2.6. Study Design and Clinical Outcome Measures
The trial was composed of two baseline assessments (three to 10 days apart), a post-therapy examination after the three weeks of the hand training interventions, and a follow-up assessment three months after the end of the hand training interventions.
The primary clinical outcome was the BBT score measured three months after completion of the hand training period of the study. Secondary outcomes were the Fugl-Meyer (Upper Extremity) Scale (FMUE), Action Research Arm Test (ARAT), Motor Activity Log (MAL, including the How Well (MAL-HW) and Amount (MAL-A) subscores), and amount of upper extremity activity measured using the Manumeter. The BBT and FMUE were performed at the two baselines, post-therapy, and follow up. The remaining secondary outcomes and other relevant clinical tests were performed at the first baseline, post-training, and at the three-month follow-up.

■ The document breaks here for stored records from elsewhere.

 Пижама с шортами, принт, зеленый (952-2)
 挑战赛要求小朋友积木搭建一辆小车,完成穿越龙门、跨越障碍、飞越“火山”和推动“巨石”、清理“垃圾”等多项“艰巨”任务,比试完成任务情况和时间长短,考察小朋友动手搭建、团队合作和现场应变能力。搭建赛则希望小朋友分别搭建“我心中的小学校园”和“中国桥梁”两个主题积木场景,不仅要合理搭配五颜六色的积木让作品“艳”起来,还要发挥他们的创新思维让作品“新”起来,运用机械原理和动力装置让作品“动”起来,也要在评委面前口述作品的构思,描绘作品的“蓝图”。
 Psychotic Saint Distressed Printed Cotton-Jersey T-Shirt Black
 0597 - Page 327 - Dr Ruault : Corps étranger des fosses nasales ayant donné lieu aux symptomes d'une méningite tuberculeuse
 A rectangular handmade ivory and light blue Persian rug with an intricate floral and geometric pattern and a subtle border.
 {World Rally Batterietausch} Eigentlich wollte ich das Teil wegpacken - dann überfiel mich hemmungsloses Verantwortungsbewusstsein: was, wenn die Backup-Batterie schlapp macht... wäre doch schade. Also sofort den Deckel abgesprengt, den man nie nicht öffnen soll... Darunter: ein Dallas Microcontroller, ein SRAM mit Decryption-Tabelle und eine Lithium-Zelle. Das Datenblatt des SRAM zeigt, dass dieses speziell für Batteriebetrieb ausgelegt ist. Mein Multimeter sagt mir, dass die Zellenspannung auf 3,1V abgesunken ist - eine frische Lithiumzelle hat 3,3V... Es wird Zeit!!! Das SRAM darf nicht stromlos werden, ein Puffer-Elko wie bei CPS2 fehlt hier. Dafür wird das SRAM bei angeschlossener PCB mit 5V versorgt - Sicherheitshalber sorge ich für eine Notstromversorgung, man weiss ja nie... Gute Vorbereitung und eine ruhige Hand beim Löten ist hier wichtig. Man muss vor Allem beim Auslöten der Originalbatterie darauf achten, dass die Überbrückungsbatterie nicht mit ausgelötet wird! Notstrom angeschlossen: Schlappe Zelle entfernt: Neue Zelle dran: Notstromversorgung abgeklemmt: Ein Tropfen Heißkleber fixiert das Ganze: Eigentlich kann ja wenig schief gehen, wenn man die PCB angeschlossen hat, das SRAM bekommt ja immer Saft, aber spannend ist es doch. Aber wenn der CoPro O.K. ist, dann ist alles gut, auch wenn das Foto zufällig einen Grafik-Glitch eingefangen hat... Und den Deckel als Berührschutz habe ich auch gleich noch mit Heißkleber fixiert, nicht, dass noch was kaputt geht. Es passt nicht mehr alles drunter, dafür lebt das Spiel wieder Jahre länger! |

The first baseline consisted of acquiring demographic information, stroke details, hand dominance, and clinical testing: BBT, FMUE, ARAT, MAL, NIH Stroke Scale (NIH SS), grasp and grip strength, Mini-Mental State Exam (MMSE), Modified Ashworth Scale, and Visual Analog of Pain scale. All the clinical data were collected by an experienced and blinded physical therapist. During clinical testing, participants wore Manumeters (with the screens turned off) on both wrists, and the magnetic ring on the index finger of the impaired hand (only during BBT scoring of the unimpaired hand was the magnetic ring switched to the index finger of the unimpaired hand). Before leaving the lab, participants were fitted with another Manumeter on their unimpaired ankle and asked to keep the Manumeter and ring on for the remainder of the day during their normal daily activities (other than showering, bathing, or swimming). Here, we use the data from the impaired hand Manumeter as the baseline to analyze the increase in the amount of hand use for each participant once they started the hand training intervention; we do not, in this paper, analyze the data from the other sensors they wore at baseline. The first baseline was performed primarily in the morning to allow more hours of baseline activity. Participants were asked to ship the Manumeters and the ring back using a prepaid shipping box.

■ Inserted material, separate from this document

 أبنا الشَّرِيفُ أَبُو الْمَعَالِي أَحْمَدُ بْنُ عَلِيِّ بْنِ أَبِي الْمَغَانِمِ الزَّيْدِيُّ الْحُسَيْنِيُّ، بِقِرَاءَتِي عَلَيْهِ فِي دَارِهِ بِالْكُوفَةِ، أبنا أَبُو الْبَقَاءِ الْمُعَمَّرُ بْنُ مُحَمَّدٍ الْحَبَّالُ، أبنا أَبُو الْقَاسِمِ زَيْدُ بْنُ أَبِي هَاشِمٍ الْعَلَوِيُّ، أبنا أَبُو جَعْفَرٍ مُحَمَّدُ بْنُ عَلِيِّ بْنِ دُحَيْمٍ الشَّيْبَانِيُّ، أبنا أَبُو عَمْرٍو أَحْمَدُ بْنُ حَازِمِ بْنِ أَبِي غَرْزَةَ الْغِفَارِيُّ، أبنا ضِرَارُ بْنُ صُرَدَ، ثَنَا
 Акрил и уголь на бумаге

At the second baseline assessment, performed three to 10 days after the first baseline, participants played a grip strength tracking game [19] and used the FINGER robot to measure finger proprioception [20]. The results of these two assessments will be presented in another paper. The BBT and FMUE were performed again. Participants then received a booklet of tabletop exercises tailored to them by a physical therapist and were instructed to practice the exercises for a total of three hours per week.

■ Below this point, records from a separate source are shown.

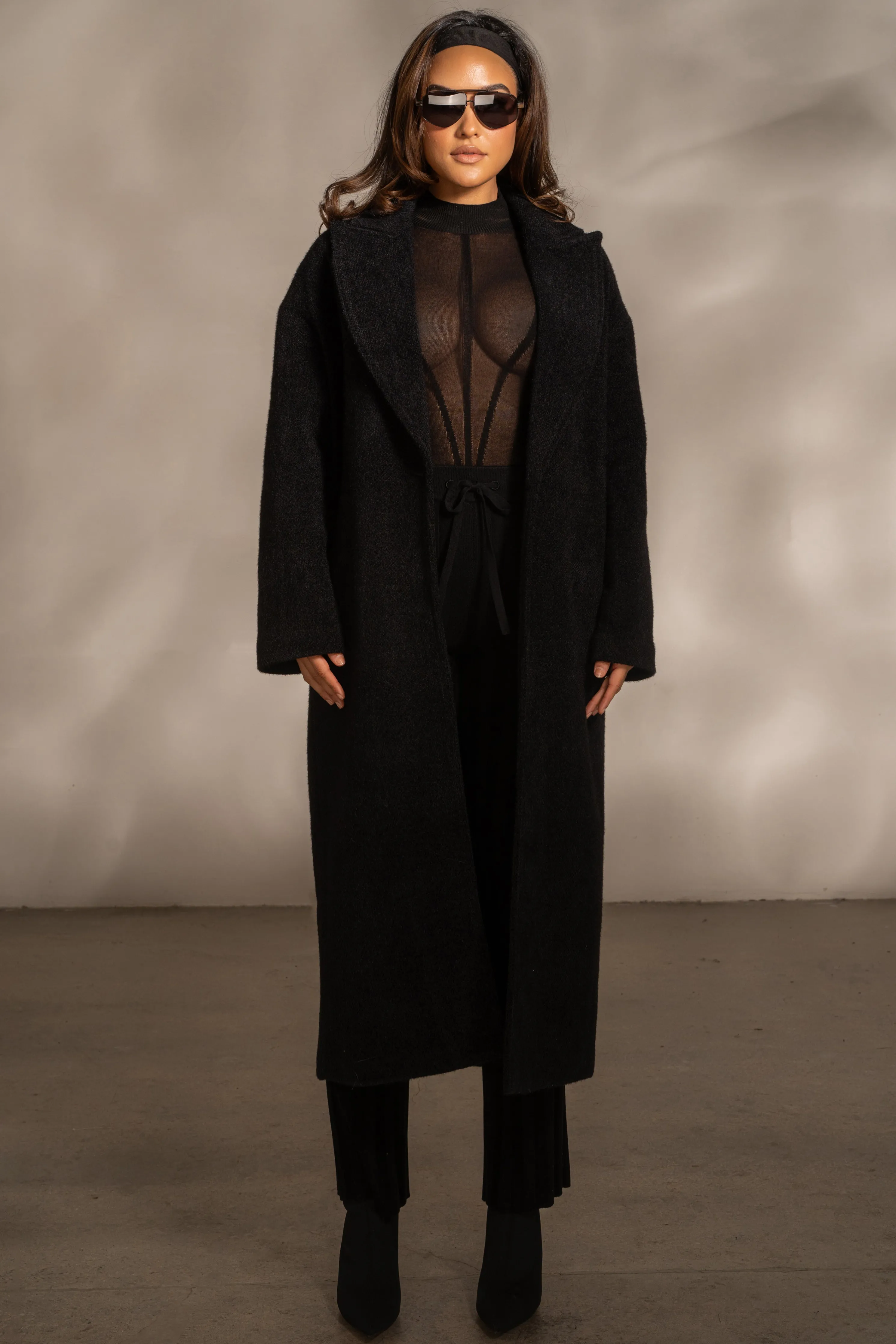 TheBlackDion Oversized Coat is the most elegant layering piece of the moment. This elevated coat is designed in soft knit fuzzy fabric and features stylish notch lapels, long-sleeve arms, and a double-breasted front with two functional side pockets. Pair with our Lori Sheer Knit Bodysuit andDarcey Ribbed Pants for the full look. Lined interior. Oversized.
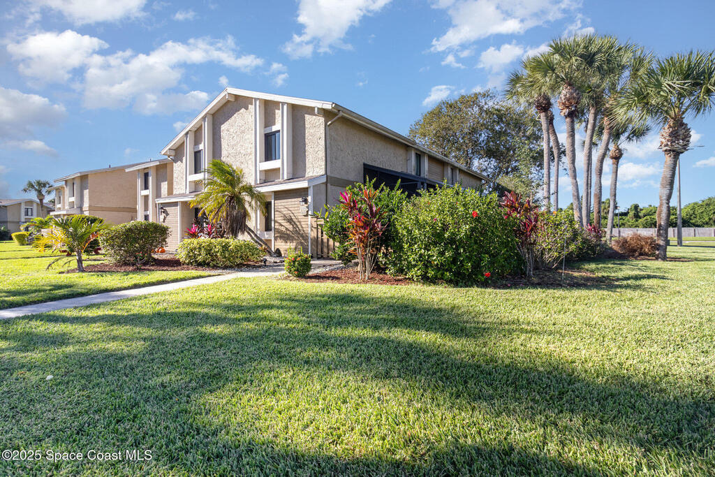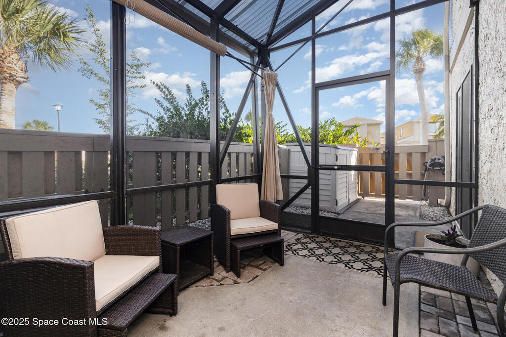 This charming 3 bedroom 2 bathroom, 2 story townhome is an end/corner unit, with a privacy gate and a fully screened in front patio. There is 1 bedroom and a full bathroom on the 1st floor, with 2 more bedrooms and a full bathroom upstairs. Primary bedroom has walk in closet and a sink and vanity in room. Butcher block counters in kitchen, laundry inside unit. The Hoa includes ground maintenance, community pool, tennis courts, clubhouse and structure. First level is 716 square feet and upper level 561. Large storage closet under the stairs and storage bin outside the patio. Assigned parking for this unit #54.This complex is in a great area, close to major shopping, schools, to I-95 and is only 15 minutes to the beach.
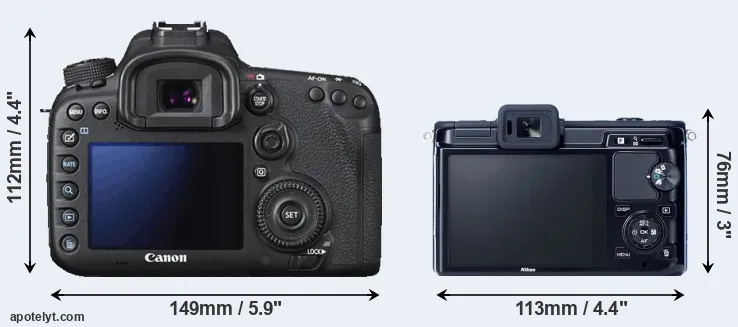 Going beyond this snapshot of core features and characteristics, what are the differences between the Canon EOS 7D Mark II and the Nikon 1 V1? Which one should you buy? Read on to find out how these two cameras compare with respect to their body size, their imaging sensors, their shooting features, their input-output connections, and their reception by expert reviewers.
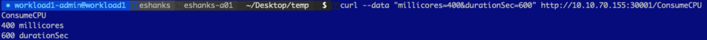 Ok, now that we have seen the “no-load” state, let us add some CPU load by making a request to the pod. Here, we increased the CPU usage on the container to 400 millicores.
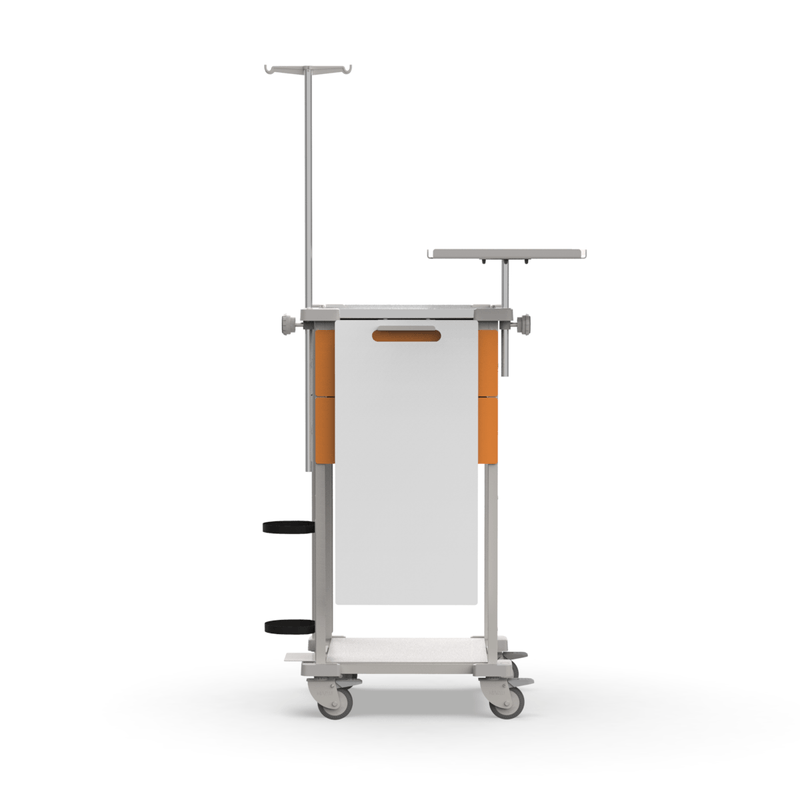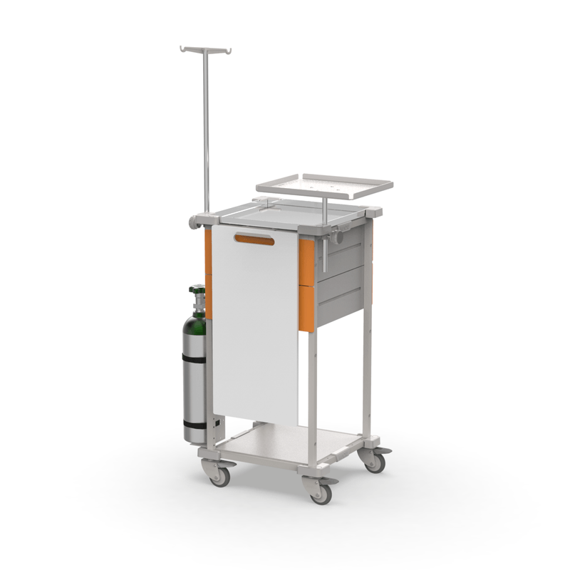 MóveisCarrinhosCarrinho com GavetasCarrinho de Emergência 2 Gavetas Laranja e 1 Prateleira com Tampo Inox e Suporte para Equipamentos – MAD.U Extra 385

At the end of the second baseline, participants were randomized into feedback and control (i.e., no feedback) groups with a 1:1 ratio and balanced for BBT with separated randomizations for participants with impaired hand BBT > 0 and those with BBT = 0. At this stage, all participants were asked to wear a single Manumeter for the next three weeks on their paretic arm and the magnetic ring on the index finger of that hand, keeping the magnet facing upwards. They were also instructed to orient the screen such that the text was readable from their perspective. The Manumeter is water-resistant, but not waterproof, so participants were instructed to take the device off when showering, bathing, or swimming. Even though the Manumeter’s battery lasted for more than two full days of use, participants were asked to charge the device every night while sleeping. A binder with this information and instructions on how to charge the device was provided to each participant. Participants were instructed to remove the magnetic ring when cooking or when in proximity to sharp ferrous objects or MRI machines.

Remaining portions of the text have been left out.